Agreed; they don't have a "classic" IR look to them....more like a #25 or #29 red filter over B&W film, showing dramatic contrast. These images are really sharp and I love the cloud movement you captured. How long were these exposures? Did you add the vignetting using PS?


----------



## Mohain (May 21, 2007)

Hi Terri,

The filter certainly doesn't seem to be as strong as the Hoya or equiv. I just have to learn how to make the most of the equipment I have  Exposures are 20 to 25s, there is a certain amount on vignetting straight from the camera but I have added a little more.


----------



## terri (May 21, 2007)

Mohain said:


> Hi Terri,
> 
> The filter certainly doesn't seem to be as strong as the Hoya or equiv. I just have to learn how to make the most of the equipment I have  Exposures are 20 to 25s, there is a certain amount on vignetting straight from the camera but I have added a little more.

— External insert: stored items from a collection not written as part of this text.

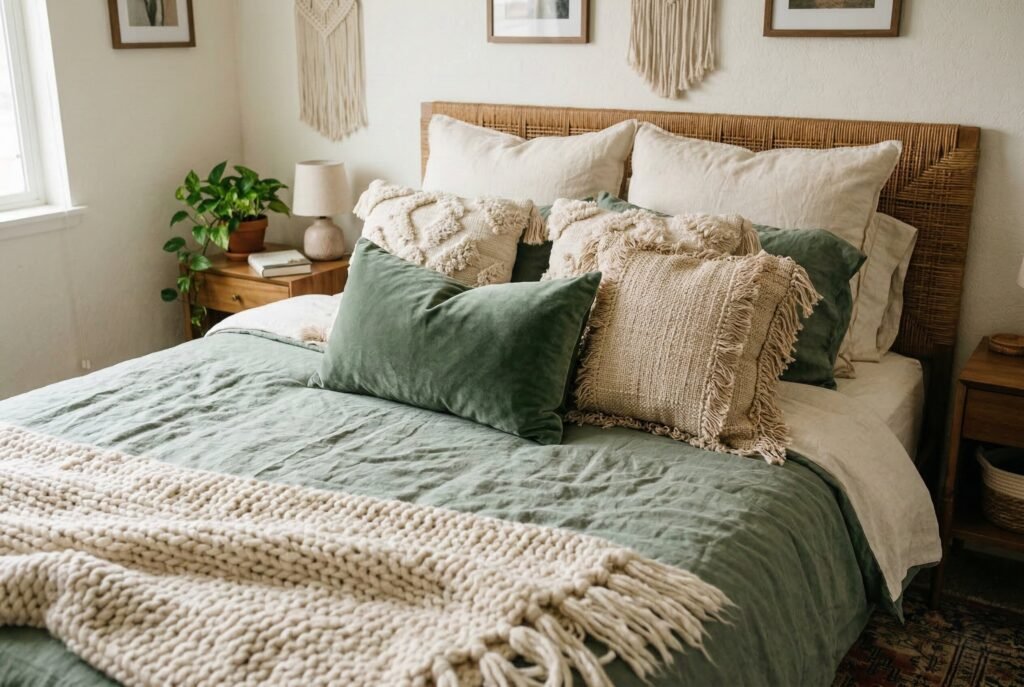 Boho design is deeply rooted in texture. If your room feels flat, you need to layer your fabrics. On a bed with a sage green duvet, pile on tufted throw pillows, fringed cushions, and a chunky knit throw blanket. Mix materials like cotton, linen, wool, and velvet. The color palette can remain simple, greens, creams, and tans, but the heavy use of different textures will make the room feel incredibly luxurious and bohemian.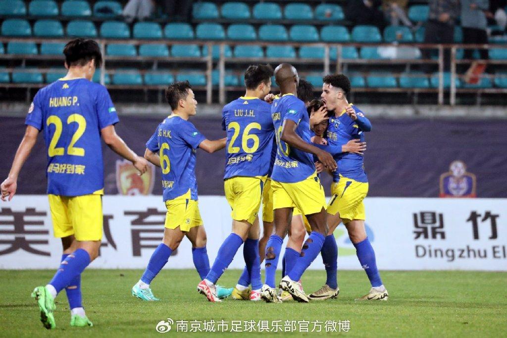 南京城市本場比賽開局打得不錯,第27分鐘,楊賀開出前場右路任意球,人叢中奧格布殺出,用大腿將球擋入球門,1比0領先。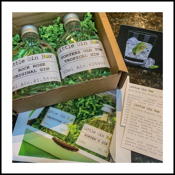 Yesterday’s lunchtime visitors brought me a belated birthday present. Fair to say that most of my birthday gifts this year involved gin, and this was no exception – a monthly ‘subscription’ of different gins to try! I’m looking forward to future deliveries…

I like it. I keep studying the second one; it almost looks like a Lensbaby shot - more than likely due to the position of the clouds. Nice series. :thumbup:


----------



## MrMatthieu (May 21, 2007)

Oh yes n 2 is very nice :thumbup: 

I have never tried such filter but the results is quite amazing


----------



## Tangerini (May 21, 2007)

I agree they don't have the typical IR look, but they are really wonderful.
I'm leaning toward the 2nd and 3rd, but I have a thing for creepy looking trees


----------



## jlbrew3 (May 21, 2007)

I've been playing around with IR recently, and these shots are stunning! Beautiful work.


----------



## Alex_B (May 21, 2007)

Blu-tac on optical gear? scary! 

I really like the last two! that tree and the clouds, quite dramatic.


----------



## Mohain (May 22, 2007)

Alex_B said:


> Blu-tac on optical gear? scary!


 
Needs must! 

The only Blu-tac touching optical gear was on the cheap £18 filter so no biggie. 

Thanks very much for the comments, they're encouraging and prompting me to try more


----------



## ShootHoops (May 22, 2007)

Great shots. I pick #2 also.


----------



## schumionbike (May 22, 2007)

Very neat, I like them all.  The second one is the best in my opinion.  The relationship between the tree and the cloud was perfect in the second one.


----------



## AIRIC (May 22, 2007)

Wow!

Eric


----------



## Mohain (May 23, 2007)

Thanks a lot for the comments folks


----------



## fightheheathens (May 23, 2007)

really nice!


----------